De voorzieningenrechter zal de vordering van de moeder tot het verlenen van vervangende toestemming inschrijving school voor [de minderjarige 1] afwijzen, omdat er op dit moment nog te veel onduidelijk is over het type onderwijs dat het beste aansluit bij [de minderjarige 1] haar behoeften en over de vraag waar zij uiteindelijk haar hoofdverblijf zal hebben. Ter zitting bleek uit de verklaringen van de man en de Raad dat het niet goed ging met [de minderjarige 1] op school in [plaats 1] , dat haar schoolgang daar is gestagneerd en dat zij mogelijk meer gebaat is bij speciaal onderwijs. In dat geval is de door de vrouw voorgestelde school niet passend, nu dit regulier onderwijs betreft. Daarnaast gaat [de minderjarige 2] ook nog steeds naar school in [plaats 1] , zodat dit qua reisafstand ook mogelijk is voor [de minderjarige 1] . In de aankomende tijd zal in samenspraak met de hulpverlening duidelijk moeten worden wat [de minderjarige 1] nodig heeft en welke school voor haar geschikt is. Ook zal er naar verwachting meer duidelijkheid komen over de hoofdverblijfplaats, zodat een eventuele wijziging van school ook daarop afgestemd kan worden.
Proceskosten:
5.12.
Gelet op de aard van de procedure zal de rechtbank bepalen dat elk van partijen de eigen kosten draagt.

6.De beslissing

De voorzieningenrechter
in conventie en in reconventie
6.1.
bepaalt dat de minderjarigen:
  • [de minderjarige 1], geboren op [geboortedatum 1] te [plaats 2] ;
  • [de minderjarige 2], geboren op [geboortedatum 2] te [plaats 2] .
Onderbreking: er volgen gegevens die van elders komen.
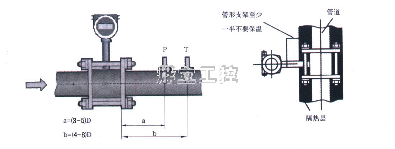 在满足流量计直管段要求的安装点上开一个Φ100的圆缺。
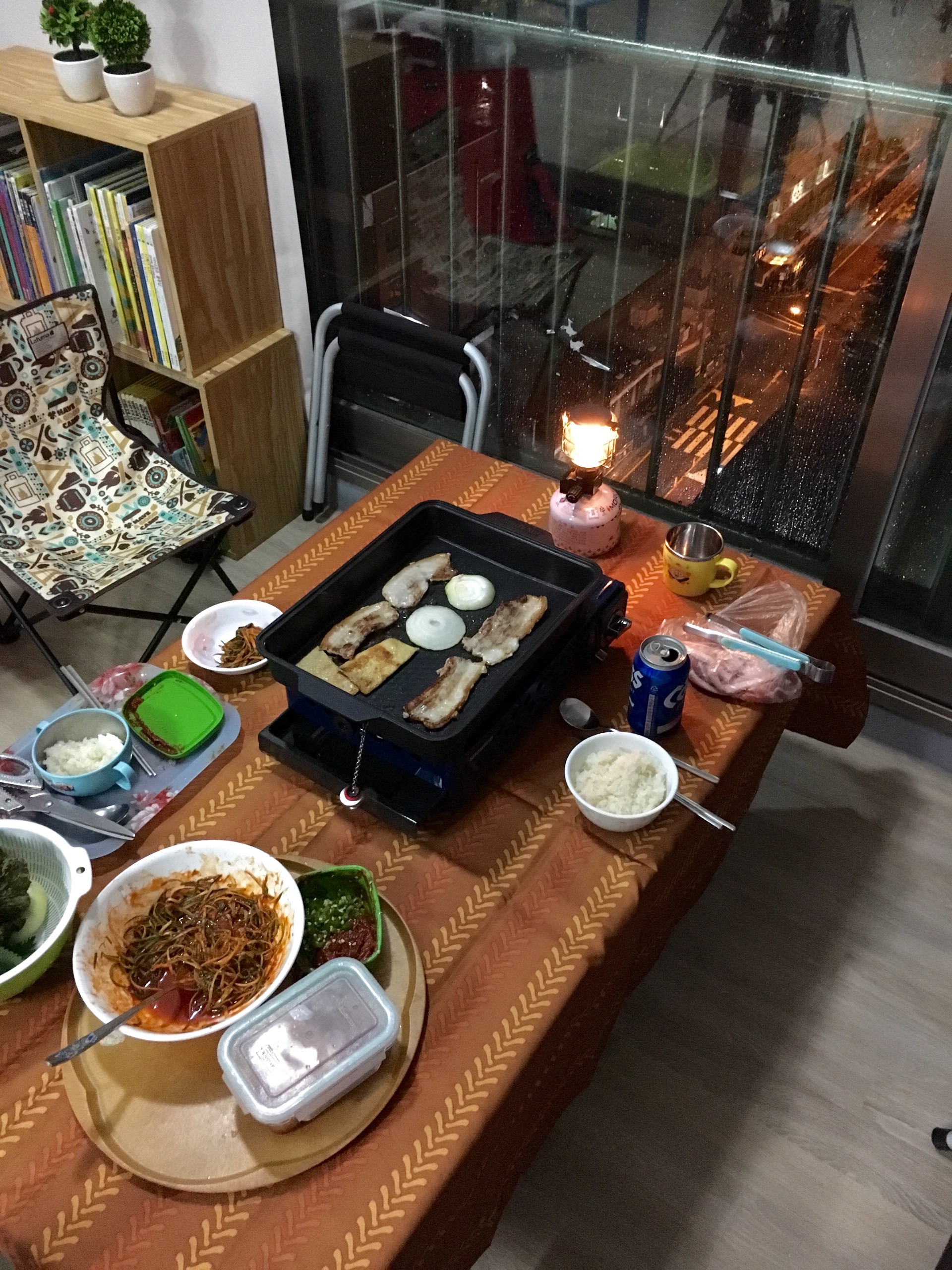 그냥저냥 기분이나 낼겸~~지난번에 구입한 스노라인구바도 개시할겸~~ 또 베란다캠중이네요ㅡㅡ

worden toevertrouwd aan de vrouw;
6.2.
verklaart dit vonnis tot zover uitvoerbaar bij voorraad;
6.3.
compenseert de proceskosten, in die zin dat iedere partij de eigen kosten draagt;
6.4.
wijst het meer of anders gevorderde af.
Dit vonnis is gewezen door mr. S.I.A.C. Angenent-Bakker en in het openbaar uitgesproken in tegenwoordigheid van de griffier mr. S.E. Kamer op 3 april 2024.
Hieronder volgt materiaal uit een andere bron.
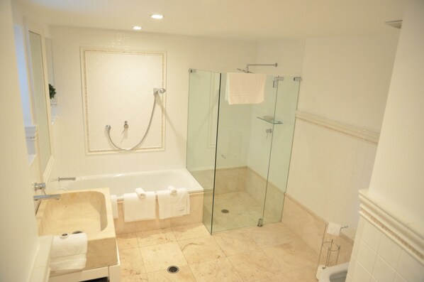 Zur Badausstattung gehört Folgendes: Duschen.
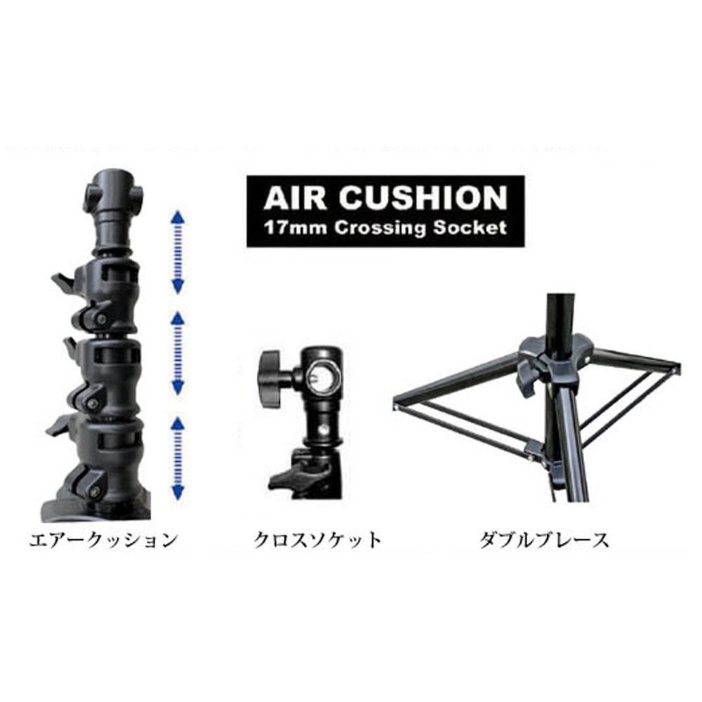 主要部分にアルミ材を使用した、17mmクロスソケットタイプのライトスタンドです。縮める際の落下スピードを緩めるエアークッション機構を採用。作業時の安全性を高めています。開脚部はねじれに強いダブルブレースを採用。最大積載重量は4kg。
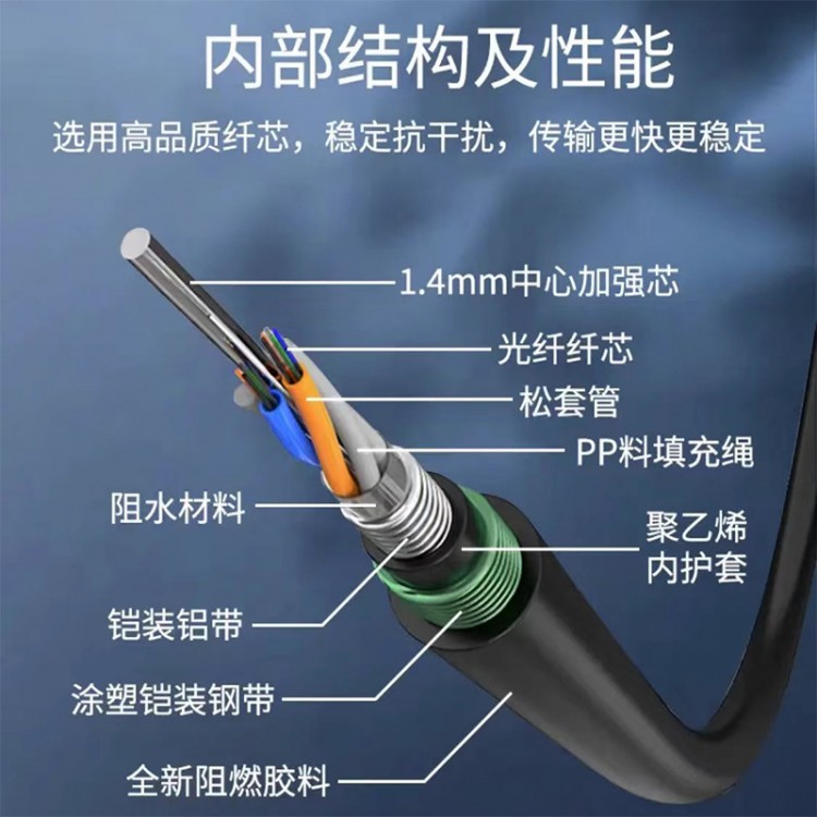 GYTAH58铠装阻燃光缆4芯12芯24芯48芯-144芯铁路地埋室外光缆厂家

Tegen dit vonnis kan hoger beroep worden ingesteld bij het gerechtshof te Amsterdam binnen vier weken na de dag van de uitspraak. Het beroep moet worden ingesteld door tussenkomst van een advocaat. Omdat het vonnis uitvoerbaar bij voorraad is verklaard, heeft het vonnis al wel geldende werking zolang op het (eventuele) beroep niet is beslist.